Home » Coal county scholarship and grant bill heads to House

Coal county scholarship and grant bill heads to House

FRANKFORT, Ky. (Feb. 5, 2014) — Legislation that would help college students from Kentucky’s coal counties complete four-year degrees in their home areas with help from a “Kentucky Coal County College Completion Scholarship” on Tuesday cleared the House Education Committee.

CollegedegreeHouse Bill 2, sponsored by House Speaker Greg Stumbo, D-Prestonsburg, and Rep. Leslie Combs, D-Pikeville, would fund scholarships mostly for students living and attending school in the state’s coal-producing counties in both Eastern and Western Kentucky. The bill would provide five percent of total scholarship funds for students who want to attend an approved program outside of those coal counties, according to the bill.

Scholarships available to eligible students under HB 2 for the 2014-15 academic year would total a maximum of $6,800 per academic year for students attending an independent college or university in the coal counties, $2,300 per year for students of a public extension campus or regional postsecondary center in those counties, or $3,400 per year for those students eligible to attend a program located in Kentucky but outside the coal counties.

The legislation would also create student services grants for Kentucky Community and Technical Colleges located in the coal regions. Grant amounts would total $150,000 per institution per year, according to HB 2.

Stumbo said HB 2 is designed to increase the number of bachelor’s degrees earned in coal regions—especially those coal counties in deep Eastern Kentucky. While the Eastern coalfields graduate as many two-year degree holders as any other region of the state, there is a lag in four-year degree attainment because of “accessibility,” Stumbo said.

“What we’re trying to do is obviously open the door for those who want to get the four-year degree,” he Stumbo.

Rep. Addia Wuchner, R-Florence, who said she is familiar with scholarship-to-work arrangements in the medical field, asked if HB 2 contains a provision to obligate those receiving scholarships to pay back some of that money if certain conditions aren’t met. Combs said that idea has been discussed, but since these are general four-year undergraduate degrees “there’s not really a good way right now that we can come up with to do something like that.”

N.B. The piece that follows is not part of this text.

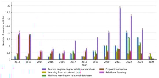 Figure 3 presents a visual representation of the annual occurrences of the relevant articles categorized based on the search phrases. An observation that emerges from the figure is the growing trend of articles published between January 2012 and February 2024. This indicates a notable surge in interest surrounding the subject of relational learning, thereby worthy of further exploration and investigation. From the potentially relevant articles, we considered 23 articles with methods related to the main topic of the articles. From those 23, we selected the most promising ones and reproduced the experiments published in the original article while performing additional tests. The following subsections summarize these methods.
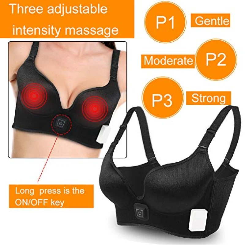 INTELLIGENT TEMPERATURE CONTROL: with 42℃ constant warming design, care breast especially when you are in menstruation,improve the female hormone, boost the breasts to grow up,breast massage resume the elasticity of the breast for women especially for the sagging breast after parturition. keeps you energetic and healthy,recover the prolapse and deformationBREAST MASSAGE: built-in 4 microcirculation movements, high frequency vibration, shaping beautiful chest, This bra massager is designed for enhancing your breast beauty

Wuchner offered the suggestion that “there be an understanding of obligation if you don’t complete two years.” She said students would then feel they have an obligation to “at least complete a minimum of two years in the process.”

Funds for the program proposed in HB 2 would be distributed from a “coal county college completion scholarship fund” to be administered by the Kentucky Higher Education Assistance Authority. According to HB 2, that fund would include coal severance tax dollars, gifts and/or grants from public or private sources, or federal funds. It would not include state General Fund dollars, the bill says.

HB 2 now goes to the full House for consideration.